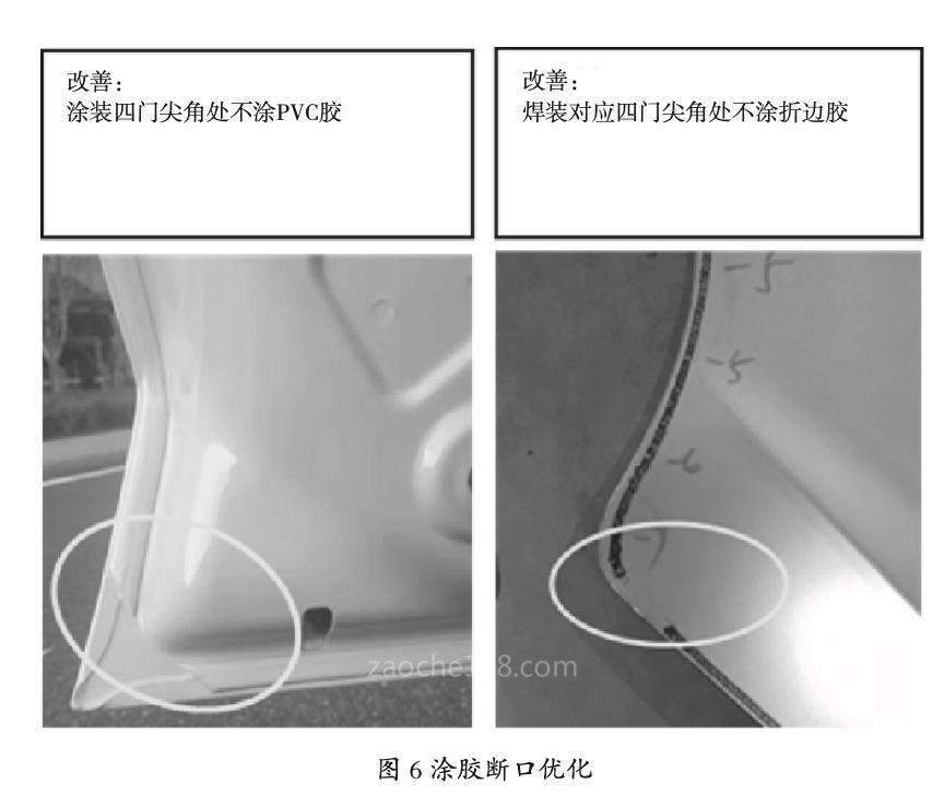 再次,局部断胶:涂胶直径、位置同时受过程因素影响,如气温、折边胶黏稠度、设备等诸多不稳定因素影响,为此适当增加一些断胶口以便空气顺利排出,特别是通过调整涂胶位置和涂胶量的情况无法彻底解决的部位,可以适当考虑折边胶断胶,或在容易起胶泡的尖角部位不涂PVC胶,如图5所示。为了分析原因和判断优化的结果,可以将包边后的门总成外板边缘R角打磨切开检查排气通道是否堵塞。
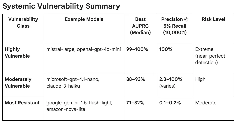 The results of the evaluation confirmed a profound industry-wide vulnerability. The primary metric used, AUPRC (Area Under the Precision-Recall Curve), is crucial because it measures performance in highly imbalanced datasets, effectively assessing the model’s ability to achieve high precision with minimal false positives .
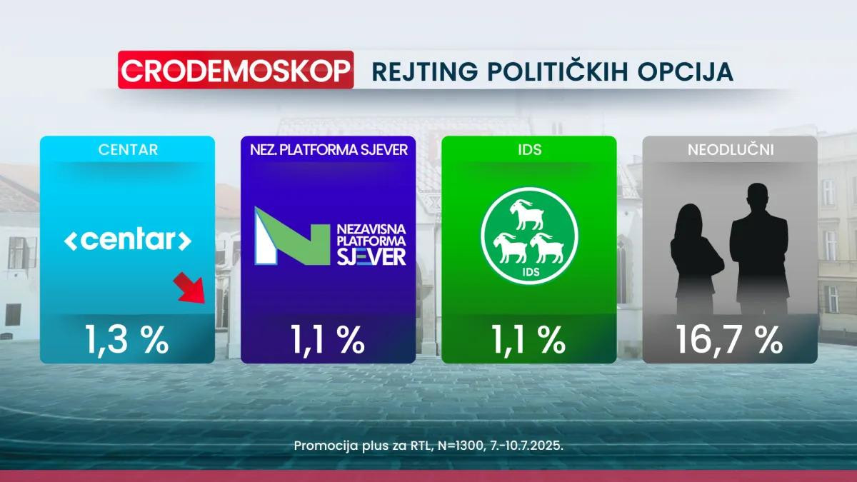 RTL je objavio novi Crodemoskop - istraživanje rejtinga stranaka i političara.

○ ○ ○ ○ ○

◆ EXERCISE PROMPT ◆
Using the listing above, write out exactly the lines from the one that holds "The results of" through the last line, both included, and omit pictures.

◆ EXERCISE SOLUTION ◆
 The results of the evaluation confirmed a profound industry-wide vulnerability. The primary metric used, AUPRC (Area Under the Precision-Recall Curve), is crucial because it measures performance in highly imbalanced datasets, effectively assessing the model’s ability to achieve high precision with minimal false positives .
 RTL je objavio novi Crodemoskop - istraživanje rejtinga stranaka i političara.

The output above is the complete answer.